The Italian government is seeking a buyer for the steel corporation Ilva and its largest factory in Taranto (Apulia). The steel giant needs a new owner by the end of June 2016. Potential buyers have until February 10 to express their interest, Industry Minister Federica Guidi said on January 4.

With 12,000 employees, Ilva is the third largest steel corporation in Europe. Another 8,000 workers are employed by subcontractors. The 110-year-old operation, which used to belong to the state corporation Italsider, was sold to the Riva Corporation in 1995.

Ilva has been under forced administration by the government for two years.

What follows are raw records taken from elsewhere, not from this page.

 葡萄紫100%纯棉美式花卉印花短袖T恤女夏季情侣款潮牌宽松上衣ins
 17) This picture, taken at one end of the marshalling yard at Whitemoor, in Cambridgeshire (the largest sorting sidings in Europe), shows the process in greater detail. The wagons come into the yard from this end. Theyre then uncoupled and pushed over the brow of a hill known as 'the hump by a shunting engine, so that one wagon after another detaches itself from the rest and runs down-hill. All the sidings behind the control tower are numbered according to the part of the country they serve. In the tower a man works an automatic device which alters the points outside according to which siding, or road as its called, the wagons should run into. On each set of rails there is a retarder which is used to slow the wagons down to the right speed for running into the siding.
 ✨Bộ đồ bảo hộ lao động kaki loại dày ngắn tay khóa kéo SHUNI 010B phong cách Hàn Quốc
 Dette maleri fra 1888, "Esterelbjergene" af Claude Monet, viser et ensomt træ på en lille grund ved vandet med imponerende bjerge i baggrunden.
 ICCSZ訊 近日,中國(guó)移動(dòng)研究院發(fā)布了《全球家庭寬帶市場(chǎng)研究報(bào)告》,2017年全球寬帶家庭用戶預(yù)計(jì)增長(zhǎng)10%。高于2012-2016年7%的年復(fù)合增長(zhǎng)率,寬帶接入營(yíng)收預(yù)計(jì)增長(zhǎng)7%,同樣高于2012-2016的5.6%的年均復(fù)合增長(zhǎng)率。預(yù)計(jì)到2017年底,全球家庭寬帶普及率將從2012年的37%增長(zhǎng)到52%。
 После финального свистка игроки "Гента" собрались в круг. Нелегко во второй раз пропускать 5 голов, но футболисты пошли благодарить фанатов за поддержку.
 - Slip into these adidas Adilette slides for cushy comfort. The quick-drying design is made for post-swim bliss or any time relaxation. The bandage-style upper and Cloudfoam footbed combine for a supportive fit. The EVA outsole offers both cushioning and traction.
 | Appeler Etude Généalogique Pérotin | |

Legal proceedings against the Riva family, which owns the corporation, are currently under way due to tax evasion as well as environmental contamination which has caused hundreds of deaths. Assets amounting to 1.2 billion euros, which Riva deposited in Swiss accounts, were originally set aside for the renovation of the factory and the elimination of the worst environmental damage in Taranto but were not released by the Swiss banks and authorities.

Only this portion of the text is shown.